§ **ABOUT THIS TASK**
Copy the data verbatim and leave out every picture.

§ **SOURCE DATA**
• • •

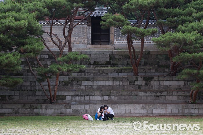 (서울=포커스뉴스) 12일 오전 서울 종로구 창덕궁에서 '제7회 나라사랑 고궁걷기 대회'에 참가한 시민들이 사진촬영을 하고 있다.
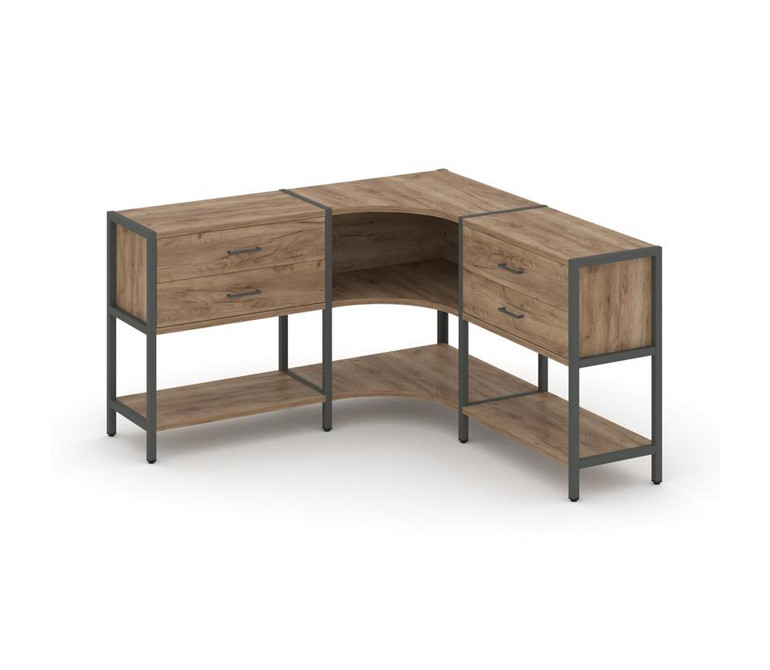 Shelf System Трехсекционный угловой стеллаж двухярусный с ящиками SN.STMU-231 Дуб Табак/Металл Антра
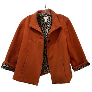 Chico’s Medium Burnt Orange Leopard Print Smooth Plush Swing Jacket R8
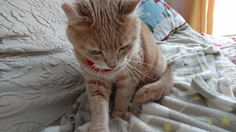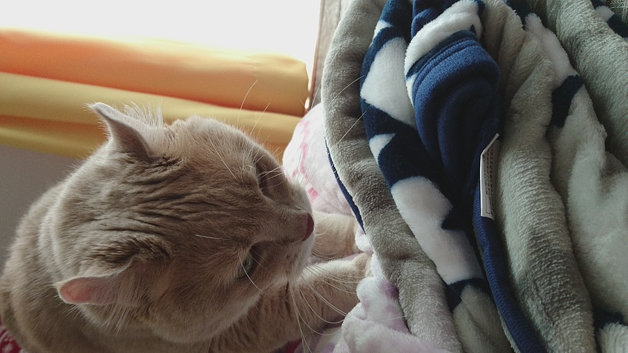 普段ソファには乗りませんが、今日はスリーコインズでフリースの膝掛けを購入。かわいい柄で気に入ってソファに置いておくとごはんさんが釣れました~

• • •

§ **EXERCISE OUTPUT**
 (서울=포커스뉴스) 12일 오전 서울 종로구 창덕궁에서 '제7회 나라사랑 고궁걷기 대회'에 참가한 시민들이 사진촬영을 하고 있다.
 Shelf System Трехсекционный угловой стеллаж двухярусный с ящиками SN.STMU-231 Дуб Табак/Металл Антра
 Chico’s Medium Burnt Orange Leopard Print Smooth Plush Swing Jacket R8
 普段ソファには乗りませんが、今日はスリーコインズでフリースの膝掛けを購入。かわいい柄で気に入ってソファに置いておくとごはんさんが釣れました~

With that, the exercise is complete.